春来たれ
ひがし
正方形
煙草の煙が宙に紛れ、亡骸が器の中で山を作っている四畳半。
西から差す朱が顔焼く。
突如、獣の雄叫びで目を覚ます。
腹部にまで轟くそれは胃を病ます何かで。
人が人たる故に抱く欲求で。
その欲求に掻き立てられた裕人は一言。
「はらへった…」
徐に開けた扉の先には何も無く、渋々という顔をして扉を閉じた。
食料調達に向かうべく布団の前で横たわっている二年前に買ったであろうジャージに着替え、朱に染まった部屋を出る。

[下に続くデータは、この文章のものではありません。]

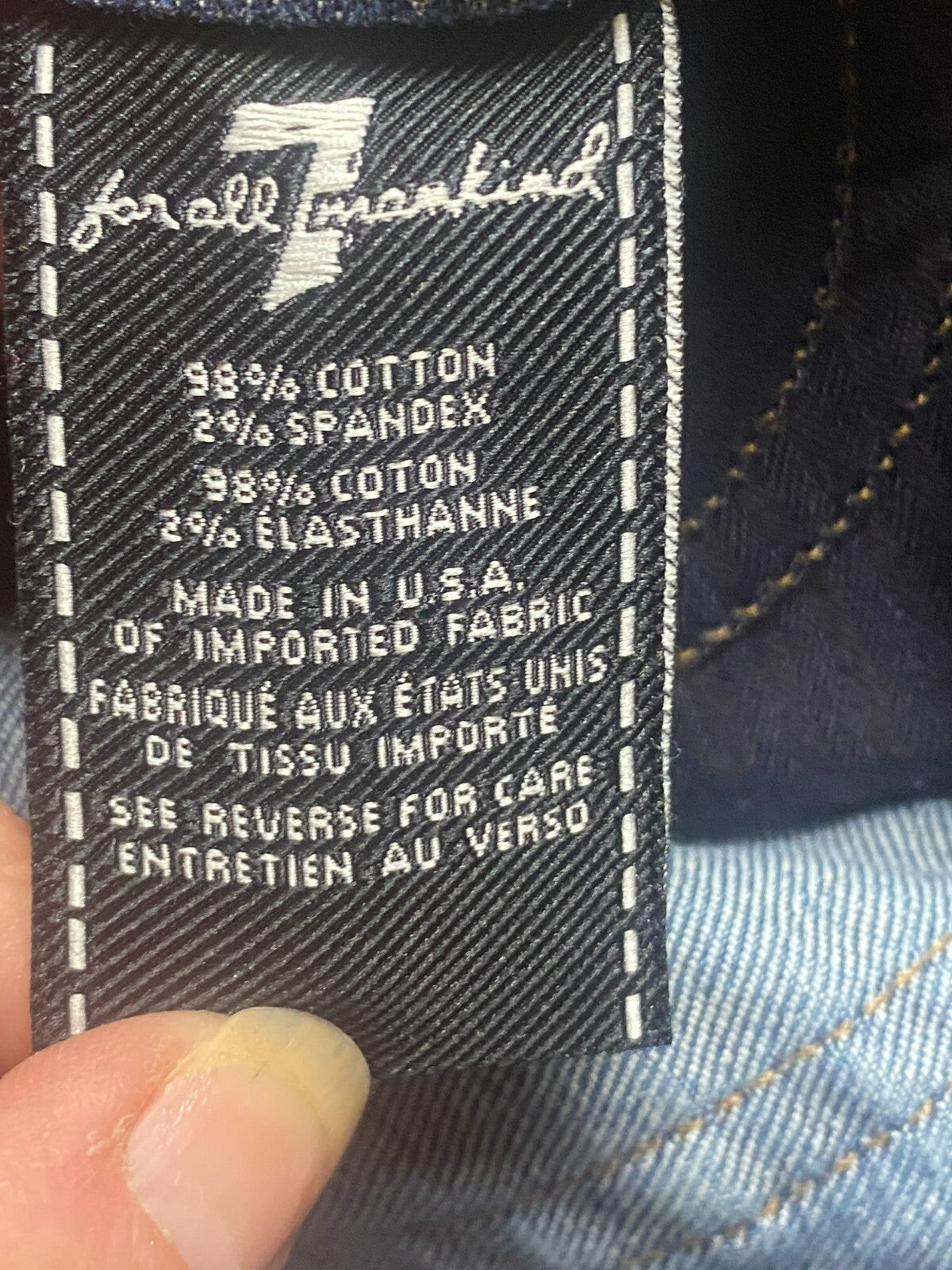 7 For All Mankind Jeans Womens 29x29.5 Whiskered Skinny Spandex Stretch Denim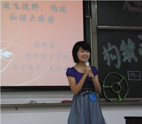 比赛的第一环节为主题演讲,选手们围绕此次比赛主题“燃烧青春激情,构筑和谐校园”进行4分钟的演讲,再由评委做第一轮打分。本轮中,来自特许经营学院的7号选手王奕婷和10号选手邵帅格外引人注目。王奕婷演讲的《放飞视野,构建和谐大校园》被评委老师认为是表达最流畅并且让人听了不乏味的一个。而邵帅的演讲则是引起了在座老师和同学对现有学生组织的共同思考。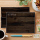 Design features a barn wood grain background decorated with a floral element at the top (inside) that consists of watercolor garden eucalyptus, greenery, burgundy red roses and a sunflower. Design also features twinkle string lights with country rustic lighted mason jars.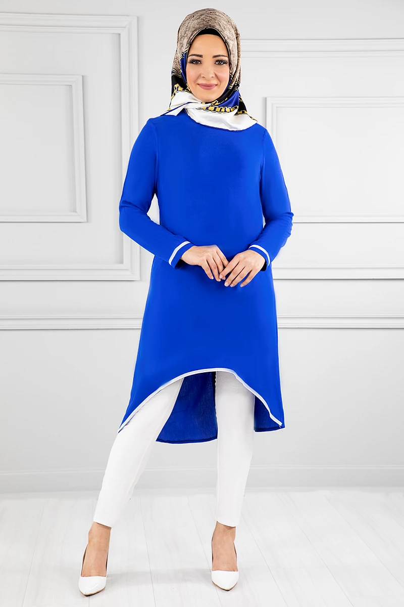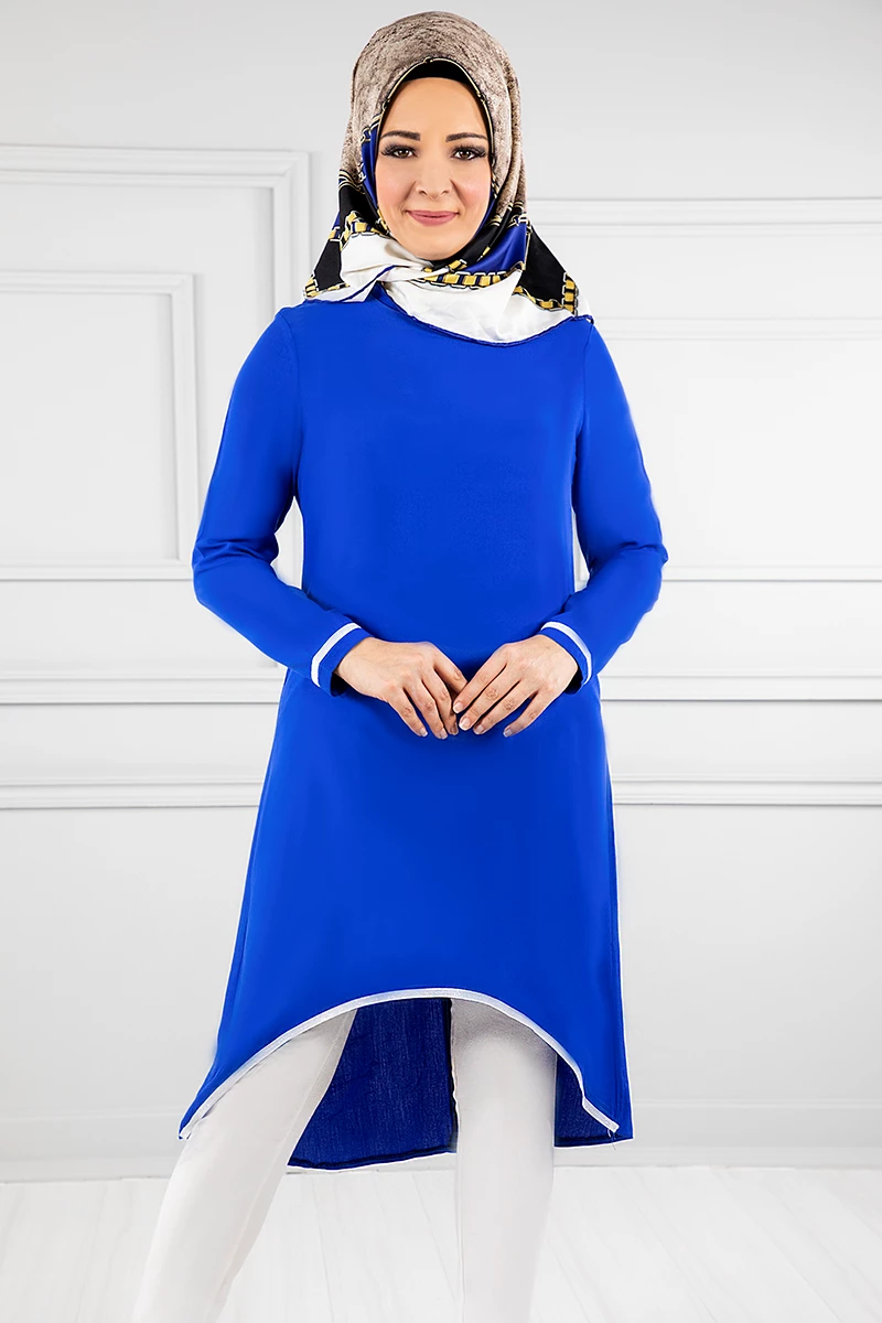 Şeritli Tesettür Tunik MN2001 Saks 38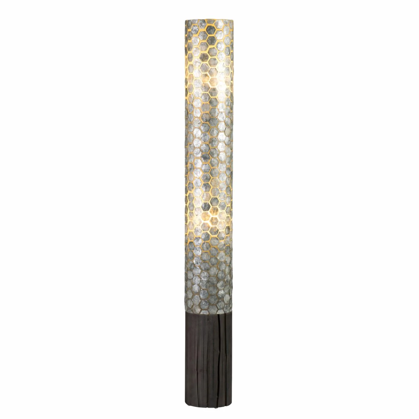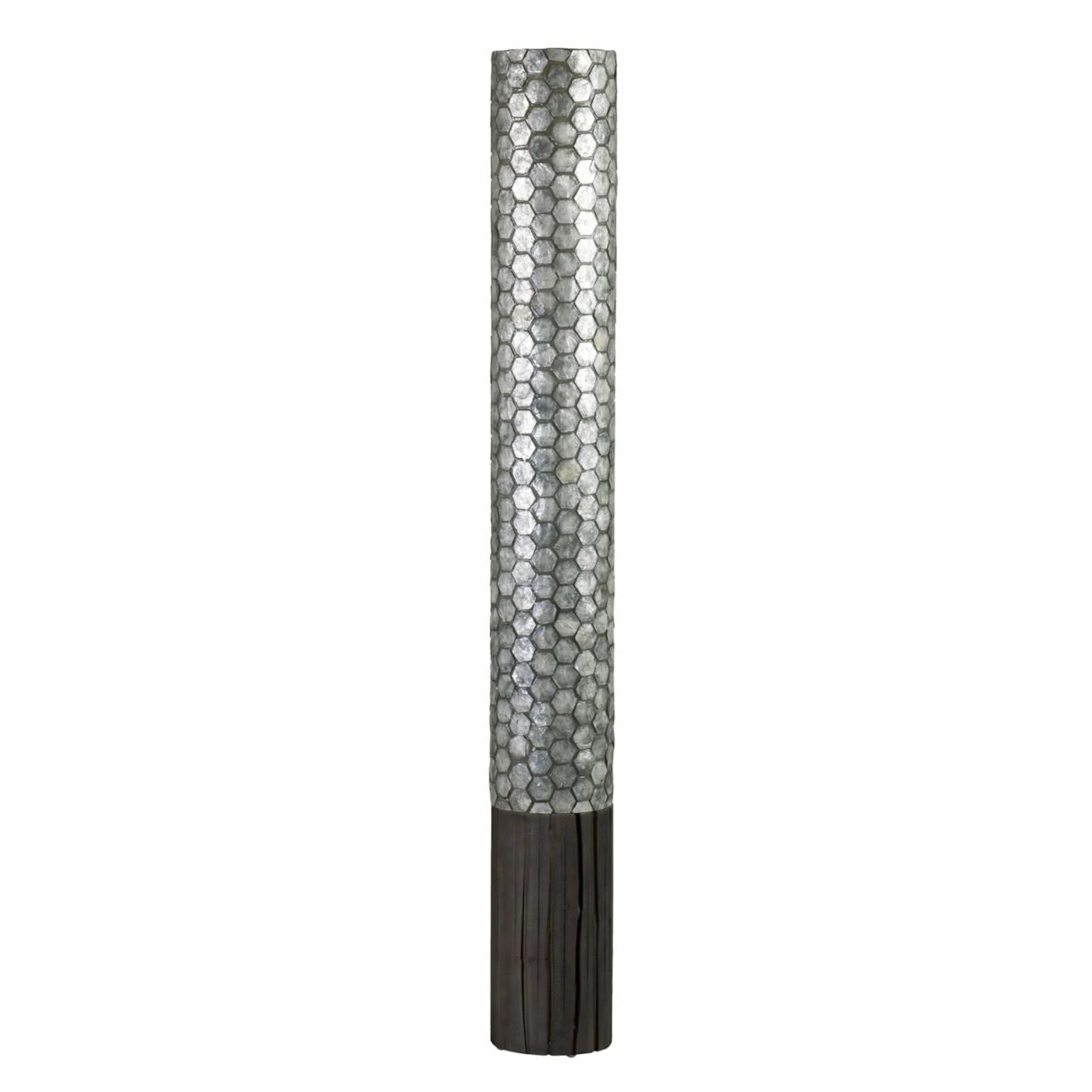 Sleek cylindrical shape lends the East At Main Camilla Floor Lamp a graceful profile. The tiled fiberglass shade is finished in a soothing slate gray. Two 40-watt incandescent bulbs inside provide warm ambient light in your space.

整える事を知らない髪と白く曇った眼鏡、昨日から変化のないシャツは裕人の心を映す鏡だ。
空の紫や雲を染める朱は宛ら三年前の夜空に咲く華のようだ。
穏やかじゃない。気が滅入りそうだ。
心を烏に啄まれている気分になる。
いっそ全部食べてくれればいいのに。
ブラックコーヒーと焼肉弁当を手にレジへ向かった。
「セブンスターボックス二つ。」
同時に煙草も手に入れた裕人は少し安堵する。
店を出て真っ先に煙草を燻らせ、家路に着いた。部屋の中は仄暗く、煙草の匂いと男の臭いが踊っている。
食事を早々に済ませ煙を吐く。
布団とテーブルしかないこの正方形の部屋と裕人は、あれから三度目の夏を迎えた。